セイラは剣を抜いた瞬間、アルクは全身の鳥肌が立ち始めた。
セイラは剣を構えアルクとの距離を詰めた。
[聖剣流・七星剣]
セイラは瞬きの間に七つの斬撃をアルクに放つが、アルクは予測していた様な動きをし全て避ける。
[我流剣術・八星]
アルクは先程セイラの放った[聖剣流・七星剣]をお返しと言わんばかりの斬撃を返した。
だがセイラは避ける様な仕草をしなかった。
「はぁ!!!!!」
なんとセイラの威圧だけでアルクの[我流剣術・八星]をかき消した。
「まじか……」
アルクは距離を取ったがセイラがそれを許さなかった。
[聖剣流・地の剣]
とセイラは剣を地面に突き刺した。するとアルクの足元が突然隆起したと思えば地面から剣が生えた。アルクは避け切れずに右足に剣が刺さってしまう。だがアルクは空中に飛ぶのと同時に剣を引き抜きセイラに向かって投げた。だがセイラはアルクの投げた剣を殴って消滅した。
(この剣術……どこかで?)
アルクがセイラの扱う剣術に覚えがあった。だがセイラはアルクに考える時間を与えずに距離を詰め剣戟に挑んだ。

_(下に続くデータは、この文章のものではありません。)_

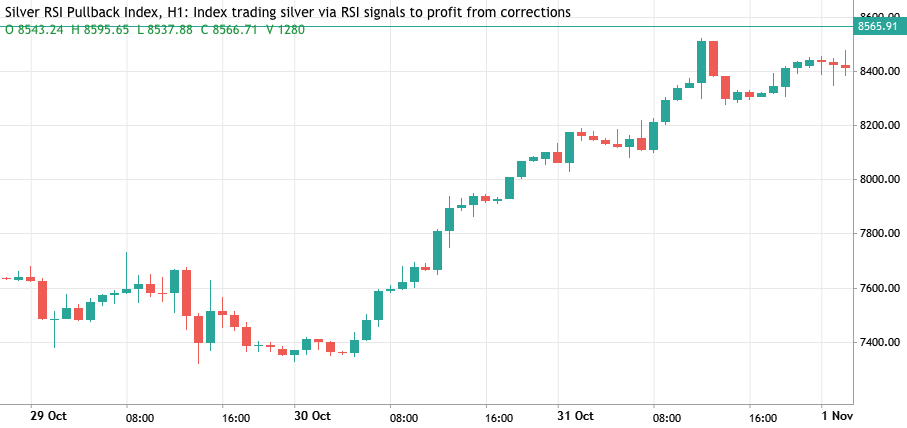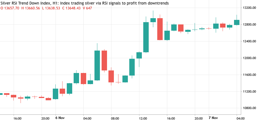 ABD seçimlerinin ardından gümüş %5 düştü. Bu dönemde, Silver RSI Trend Aşağı Endeksi, bu ayı hareketini dikkate değer bir %15 kazanca dönüştürdü, gümüşün performansını üç katına çıkardı.

セイラは袈裟斬り、振り下ろし、回転切りを放ってきたがアルクは紙一重で避けセイラの腹に蹴りを入れ距離を取った。
「おいおい、聖剣流ってのはそんな荒いのかよ」
「聖剣流は生物を殺すために作られた剣術。殺すのに美しさなどいらないだろう?」
「それもそうだな」
セイラの言葉に納得したアルクは魔法陣を構築する。詠唱の要らない魔法に観客は驚いていたが、セイラは落ち着いていた。
[炎魔法・炎の槍]
アルクが魔法陣を構築し終えた瞬間、アルクの魔法陣が爆発した。
「どう……いう?」
アルクが再び魔法を打とうとしても魔法陣が消去されるか爆発する。
「何をしている?」
とセイラが聞いて来たがアルクは違和感を覚える。その違和感の正体を知る為に、アルクはセイラをよく観察する。
すると、その違和感の正体は直ぐに分かった。それはセイラの指先から魔力が残っていた。アルクは再び魔法を使った瞬間、セイラの指先から魔力が放出された。
(そう言う事か!)
アルクは何故魔法が使えないかその時理解した。